Friday, December 16, 2005

High Quality or Low Price: Pick One...

Have you ever heard that old saying, "You can have high quality or you can have a low price, pick one." Now apply this to Operational Risk Managment in your domain.

It seems that the U.S. Senate has mixed priorities right now on the U.S. Patriot Act debate. Wyoming is a low risk area in terms of critical infrastructure yet it will receive the same funding as states with more shoreline, ports and vulnerabilities to the security of the United States. James Jay Carafano has identified what the key issue really is:

What’s Missing?

There was one important provision that did not make out of conference. The original Patriot Act established the requirement that a significant percentage of all homeland security grants be distributed automatically to each state, big or small, regardless of national priorities or risks. Current funding formulas guarantee each state .75 percent of the funds available. As a result, 40 percent of these funds are immediately tied up, leaving only 60 percent for discretionary allocations. As the 9/11 Commission’s report rightly stated, the current system is in danger of turning homeland security funding into “pork-barrel” spending, making spending on security just another state entitlement program. In conference, an initiative to restructure the system and allocate money according to risk and needs rather than an archaic formula was rejected by Senate conferees. This is the third time the Senate has turned back House legislation to reform the grant system. And it is just wrong.
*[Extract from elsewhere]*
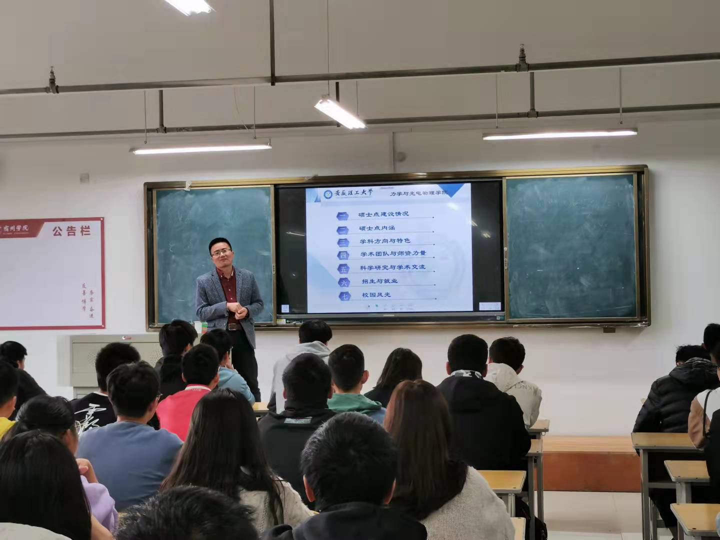 的基本情况以及研究生招生的基本政策。光电物理系陈昌兆老师重点对光电系统与控制硕士点的相关情况作了专门的ppt讲解,讲解内容涉及硕士点建设历程、硕士点内涵和专业方向设置、学术团队和师资、科学研究与学术交流、招生和就业、奖助体系等多个方面,宣讲现场人数众多、气氛热烈。

Prudent risk management policies and strategy point to investing to improve resilience in the areas that are identified as being most vulnerable and that the consequences of a loss would be unacceptable. What part of the risk management methodology is missing in the presentations or education of our law makers?

The part that is missing is the part that no one can present in fear of it becoming public information and for it to get into the hands of those who may use it to harm the homeland. Those single-points-of-failure exist in every country or city that has a significant capitalist marketplace. The resilience of the respective economies depends on the infrastructure that fuels it and every dollar and resource needs to be focused on those highest risk areas.
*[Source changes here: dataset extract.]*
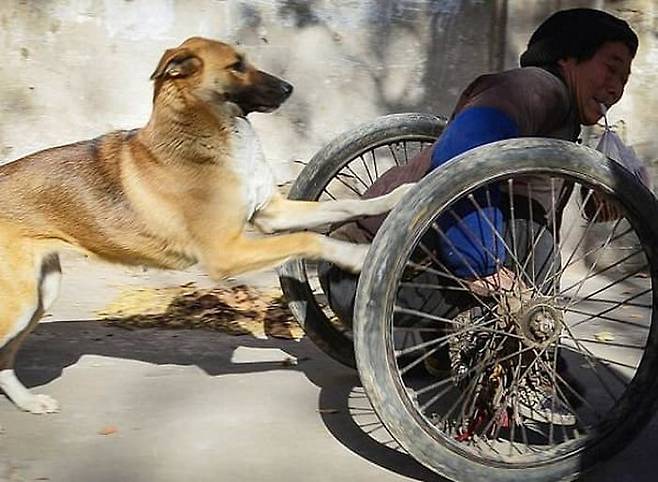 중국 허난성 뤄양시에서 포착된 사진 속에는 강아지가 휠체어를 타고 있는 주인을 위해서 두 앞발로 열심히 밀어주고 있는 모습이 담겨 있었죠.

Mr. Carafano makes another observation worth consideration, regarding the The September 11 Commission Report Card: The Good, the Bad, and the Ugly:

At the top of the list is the failure of the Congress to put together a comprehensive package of border security and immigration reforms that enhance security, promote economic growth, and protect civil liberties. Also missing from the list is the tragic underfunding of the Coast Guard. The same service that saved 33,000 lives during and following Hurricane Katrina faces cuts to its modernization budget in the House.
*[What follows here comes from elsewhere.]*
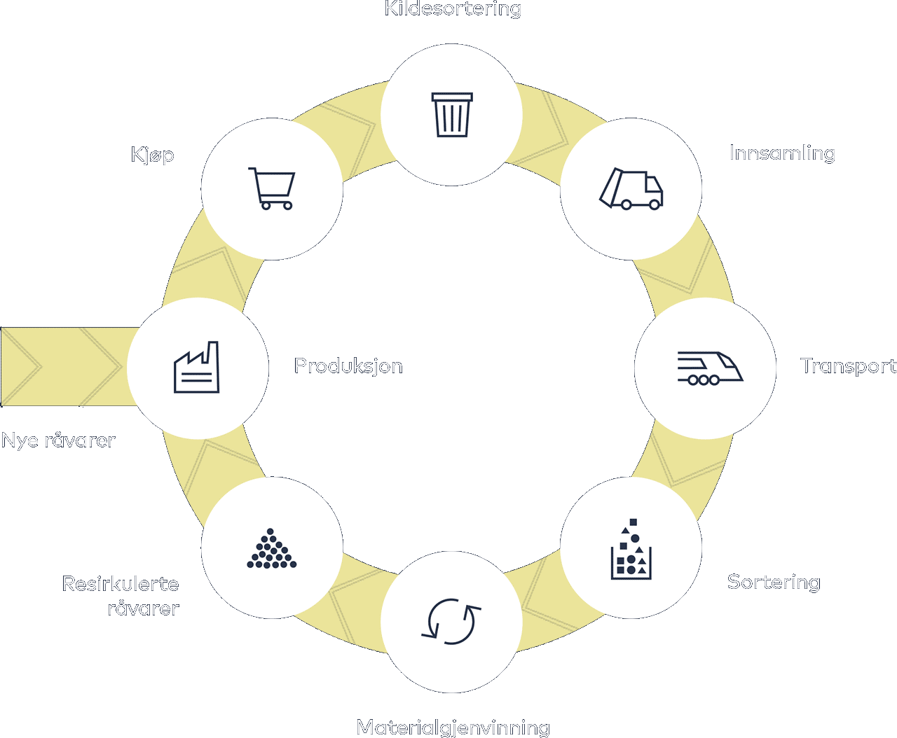 For at vi skal utnytte ressursene i brukt metallemballasje må kommunens innbyggere rengjøre og kildesortere emballasjen sin. All metallemballasje som Norsk Metallgjenvinning tar ansvar for på vegne av våre medlemmer går til høyverdig gjenvinning i Norge og Europa, og kommer tilbake til kretsløpet i form av resirkulerte råvarer.

The private sector can change all of this in a heart beat. The safety and security of our economic livelihood is in the hands of the telecom/high tech, banking and finance, health care and energy sectors. In the long run, the executives in these industry sectors have the power to change our law makers points of view. Let's just hope that they all realize that it is their own corporate assets that are at a greater risk now, than they were over four years ago.